## Required work
Return the data that follows exactly as it appears. Pictures do not belong in the copy.

Data section Start Marker

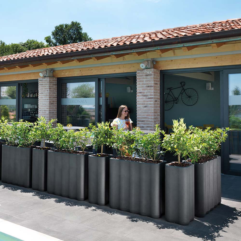 La disponibilidad de 7 colores diferentes y la posibilidad de elegir entre la forma de columna esbelta y la más ancha y espaciosa, hace que este jarrón de exterior sea ideal para delimitar la entrada de su casa, su jardín o la fachada de su casa con un fuerte estilo contemporáneo.
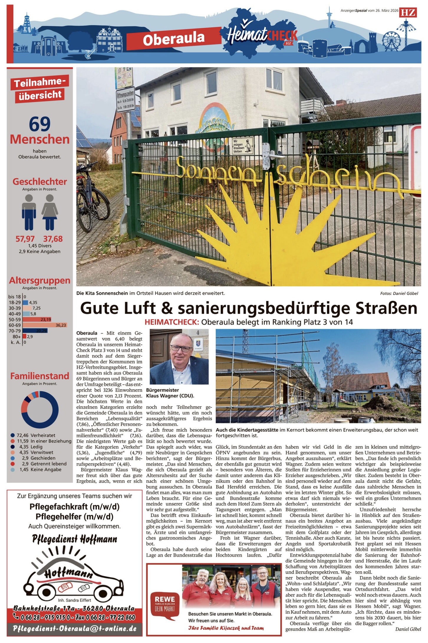 Oberaula – Mit einem Gesamtwert von 6,40 belegt Oberaula in unserem HeimatCheck Platz 3 von 14 und steht damit noch auf dem Siegertreppchen der Kommunen im HZ-Verbreitungsgebiet.
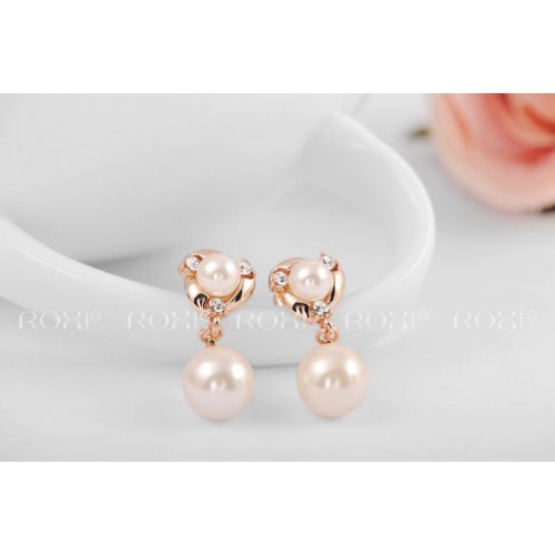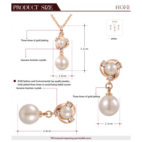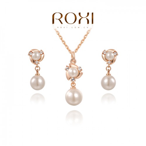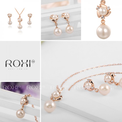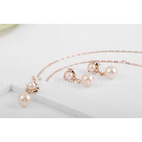 Набор позолоченных изделий, украшенных жемчужинами. Трехслойное покрытие розовым золотом, инкрустация австрийскими кристаллами.
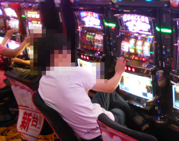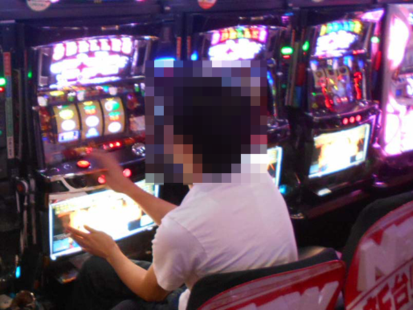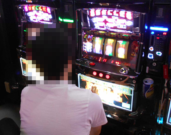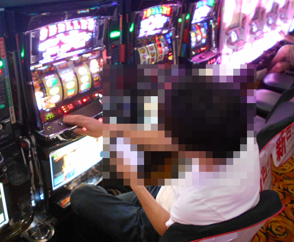 にぎわっているホール内を歩いていくと、とくに活気づいたパチスロフロアでイキイキとレバーを叩く姿を目にした。

Data section End Marker

## Result of this task
 La disponibilidad de 7 colores diferentes y la posibilidad de elegir entre la forma de columna esbelta y la más ancha y espaciosa, hace que este jarrón de exterior sea ideal para delimitar la entrada de su casa, su jardín o la fachada de su casa con un fuerte estilo contemporáneo.
 Oberaula – Mit einem Gesamtwert von 6,40 belegt Oberaula in unserem HeimatCheck Platz 3 von 14 und steht damit noch auf dem Siegertreppchen der Kommunen im HZ-Verbreitungsgebiet.
 Набор позолоченных изделий, украшенных жемчужинами. Трехслойное покрытие розовым золотом, инкрустация австрийскими кристаллами.
 にぎわっているホール内を歩いていくと、とくに活気づいたパチスロフロアでイキイキとレバーを叩く姿を目にした。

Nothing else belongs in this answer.